It takes a lot of synchronization to fit a workout in. This is true for anybody. Desire and time are the biggest factors in following through on a workout. Other factors may apply depending on the person.
For me, I have to worry about diabetes. This is frustrating to me. I want to be normal. I want to wake up in the morning and sweat it out with Julio or Steven without giving it a second thought other than I am tired and would rather sleep. Most days I can. That’s what I need to focus on. Most days I can do whatever I want.
In the past I have written many posts about how my Type 1 diabetes affects my life. It started out as incidental mentionings like when I was pregnant. Kind of like a way of saying I may be diabetic and have to go through more than the average pregnant woman but I’m doing it! Then I started throwing myself pity parties disguised as posts meant to inform the general public about the disease.
Eventually I got to a point where the message I wanted to share about diabetes is that it’s a part of my life. Look at everything else I do besides dealing with diabetes. I am a person who happens to have diabetes. It doesn’t stop me.
Even today it didn’t stop me. I won’t let it. I did spend some time crying angry tears over the unfairness of this extra burden. Now I just feel guilty that Heath had to come home early because of me. Looking on the bright side of things I didn’t end up in the hospital again. At least I have a loving husband with a flexible job so the kids could be taken care of.
So here’s what happened. I woke up at 5:30 with a blood sugar reading of 44. I shut off my basal rate for two hours and ate a high carb breakfast. I was mad but determined not to miss another workout. Last week I missed the entire week because of morning lows. Grr!
By 6:30 I was 126. Not high enough for a workout. I tested again 15 minutes later thinking if it was coming up quickly I could just do the workout. No, I was 127. I don’t know if I have some sort of addiction to my workouts or I’m taking too much pride in weight loss or what made me do what I did. But I worked out anyway. The calorie burn for today was low compared to what it could be and I missed the goal by 4 calories.
I felt dizzy and light headed when I finished. I figured it was from the workout and I would feel better in a few minutes. The world spun while I made Gavin’s lunch and took him to the neighbors to carpool to school. My head felt like it would split open it hurt so bad. I almost never get headaches and when I do it’s obnoxiously painful.
Doubts and fears started to creep in. I have been in this situation before. A workout mixed with whacky blood sugars that affect my electrolyte levels and I deteriorate quickly. I have spent time being treated for dehydration and I couldn’t afford that today. So while I was extremely nauseated I wouldn’t let myself vomit. Once I start vomiting I can’t stop. I would make a great bulimic.
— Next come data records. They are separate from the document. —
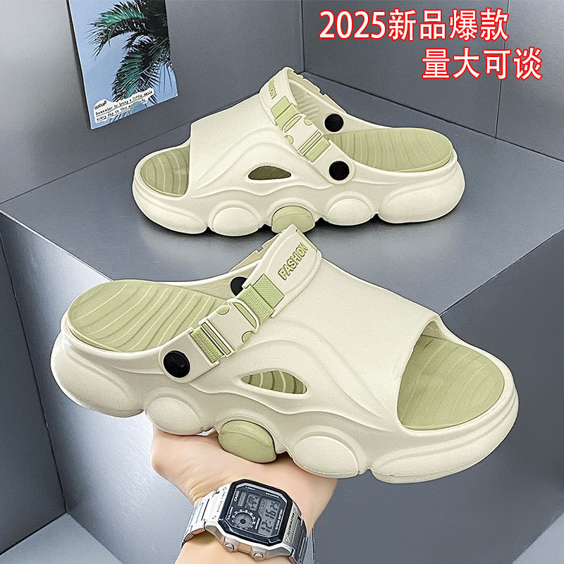 2025 夏サンダルメンズアウターウェアティーンエイジャーポップコーンノンスリップ耐摩耗性トレンディなファッション通気性厚底包頭スリッパ
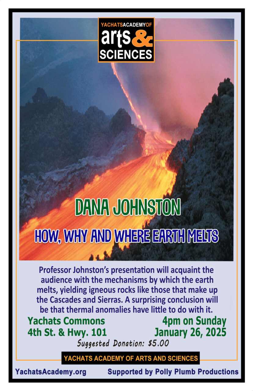YACHATS ACADEMY OF arts & SCIENCES Professor Johnston’s presentation will acquaint the audience with the mechanisms by which the earth
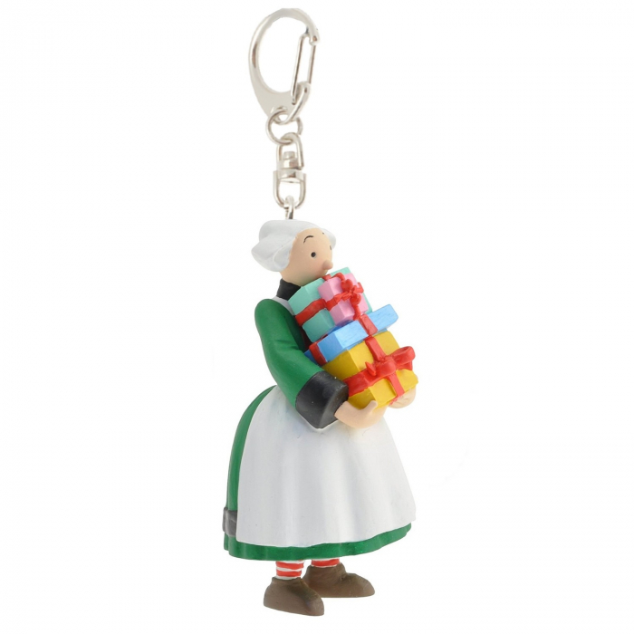 Porte-clés figurine Plastoy en PVC: Bécassine tenant une pile de cadeaux. Hauteur de la figurine: 8cm.
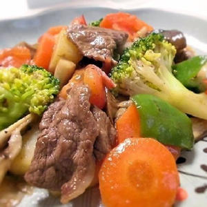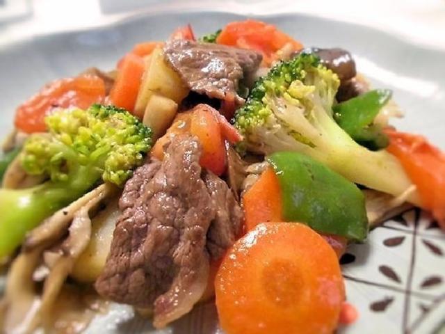 脂肪分が少ない牛もも肉を使った、野菜たっぷりの炒め物です。彩り豊かな野菜を使う事で代謝をサポートするビタミン・ミネラルをしっかりと摂れる一品になります。また、旨味成分が豊富なトマトやきのこ類を取り入れる事で、シンプルな味付けでも満足感のある味に仕上がりますよ。
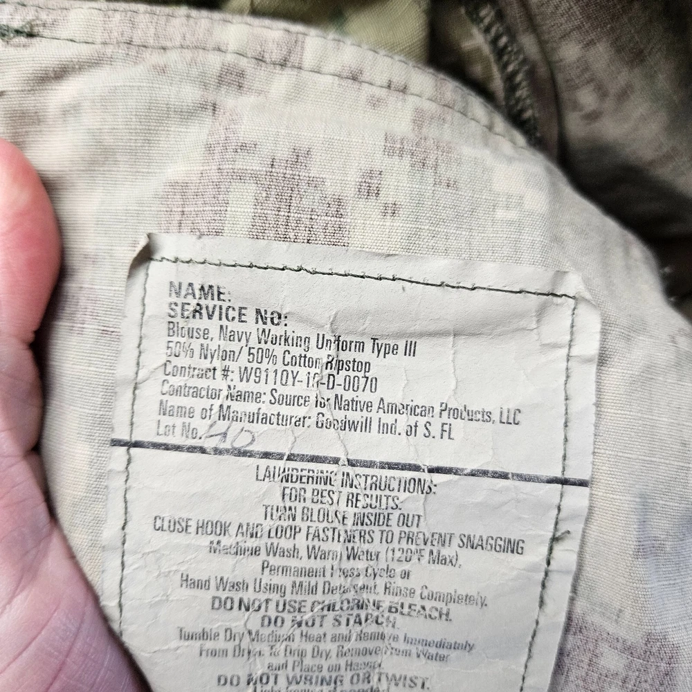 US Navy Working Uniform Type III Blouse Shirt Size Small Regular Green Digi Camo

I tried lying down which at least stopped the dizziness. I tested my blood sugar at least 6 or 7 times by 9:00 am. Luckily it wasn’t on a roller coaster or I may have found myself in the ER. I showered but couldn’t stand long enough to do much afterwards.
Why had diabetes declared war on me? I don’t know but I wouldn’t let it win. It was an intense inner battle with myself. My body wanting and needing to do one thing and me refusing to give in. I have issues with control if you couldn’t tell. I did throw up but only once which felt like a win for me.
My mind kept thinking back to the book “Running with Angels” by Pamela Hansen. She believed for so long that her body was betraying her. Then she was induced to deliver a stillborn baby and she realized her body was not the enemy. I wanted to blame my stupid broken pancreas. It’s easy to blame other things to ease pain and frustration. But I have come so far in the last year.
Maybe my body doesn’t work as well as someone else’s. It’s ok. I believe we all agreed to accept imperfect bodies before we came to Earth. My body may not be perfect but look at what I do with it! I am a mother. I can fit in workouts most of the time without any issue. My life is full and does not revolve around diabetes. Diabetes is always there but it’s not my focus. My life is my focus. I would rather think of what I can do than what I can’t.
Today was a minor setback. My body and I were a little out of sync but tomorrow is a new day and I know my headache will be gone by then. If not, I will power through because I hate feeling sick. Wednesday will come and I will impress the ankle socks off of Steven. Just you watch. Nobody tells me no. Nobody.